Remote work in some form is here to stay, whether employees continue to work from home full time or split their time between home and the office. But, for remote work to succeed long term, employees must adjust their processes and communications.
In the book Effective Remote Work, author James Stanier provides an in-depth exploration of remote work effectiveness for individuals and teams, such as setting up home offices, onboarding and orienting new employees remotely, and adjusting communication expectations. The book also offers short exercises to help readers evaluate their own remote work habits and company culture.
In this interview, Stanier discussed how the way people work and communicate is changing, the challenges of managing remote employees and how to take lessons from the book into a hybrid workplace.
Editor's note: This interview has been edited for length and clarity.
How can employees adjust to more asynchronous communication with remote work and learn when to use which tools?
James Stanier: The tools definitely are there now, which is great, but using them well is another thing. They take practice. People are not used to writing frequently -- they're synchronous and in person with lots of meetings. It's a very different skill to do via writing or recording videos.
If you're not comfortable with these things, you have to start trying. Do it within your team or people you're comfortable with at work, and experiment with different ways of communicating.
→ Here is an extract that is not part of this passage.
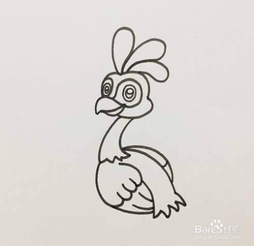 接着画出孔雀的躯干,躯干比头稍微大一点,画出孔雀两只一前一后大小不一的翅膀。

The more you write as the primary means of communication or the more you record videos, the more comfortable it becomes.
In the office world -- the meeting world -- in person was just as easy as a conversation because it was practiced. So, how do you get that same level of comfort? It's just through practice day to day to get better at these things.
For example, at Shopify, we have an internal company wiki where all important information is stored. Part of the process of doing the job is to keep the wiki up day to day with projects we have going on, the status of projects or news on the homepage.
When synchronous things happen, like town halls and company meetings, we make sure they get recorded and have them properly livestreamed in different time zones so different cohorts can meet on Slack to chat or watch in real time.
But it has to come from the top down. If you're in a very synchronous, physical company, you could make things more remote-friendly within teams. But you can't go the whole way if there isn't buy-in from leaders in the company. At Shopify, everyone's bought in.
How should employees talk to their managers or IT about tools they want to support remote work?
Stanier: A challenge may be where a team diverges from given tools and expresses their own preferences. For tools, if it comes down to personal preference -- if you like Slack's emojis more, for example -- you understand the company is not going to buy another subscription. You have to be willing to accept some tool consolidation for cost, access and security.
But, if you're able to, tons of free tools allow you to supplement what you're given, like workflow ticket tracking. If you don't like what comes with the company and it's not critical to keep everything in there, you can use a free version of Trello or collaborative drawing software. You can always build a case and say, "Our team is using this; here's how we use it." Get some buy-in from colleagues on other teams.
There have been a few headlines lately about managers struggling with remote work and pushing for a return to the office. What are the challenges they're facing in managing remote employees?
Stanier: It's a really nuanced and tricky issue. You have managers who want everyone back in office, and why is that? Is it something to do with culture, where the company hasn't adapted to remote work? Do they not have the right tools or skills? Or could it be more nefarious things, like managers want to observe employees?
Companies have also invested in office complexes -- they can't sell those or end the lease easily. They want people back to actually use those spaces.
Fundamentally, remote work has to work with a high degree of trust. I'm fortunate to work for a company where people trust each other. Some people can be quiet the whole day, and we trust they're doing the work -- and they are. If people are desperate to get teams in the office, it's fundamentally an issue of trust, visibility and not being able to adapt skills to a new world.
The main takeaway from the book is to treat everyone like they're remote. How do you make that work in a hybrid work context?
Stanier: Some things you can't solve with hybrid, but there are things you can do better. Little things make a massive difference -- like having the same access to meetings. Everyone should have their own mic and camera and try not use the physical office layout to give the advantage to those there.
The trickier thing requires more mindfulness by people in the office. Remember that, with every communication in the office or to someone remote in the team, you have some duty to broadcast that back out. If some people were to get lunch and have an idea, they should write that idea up in a team chat channel when they get back to the office to bring everyone in so they all have the same access to information.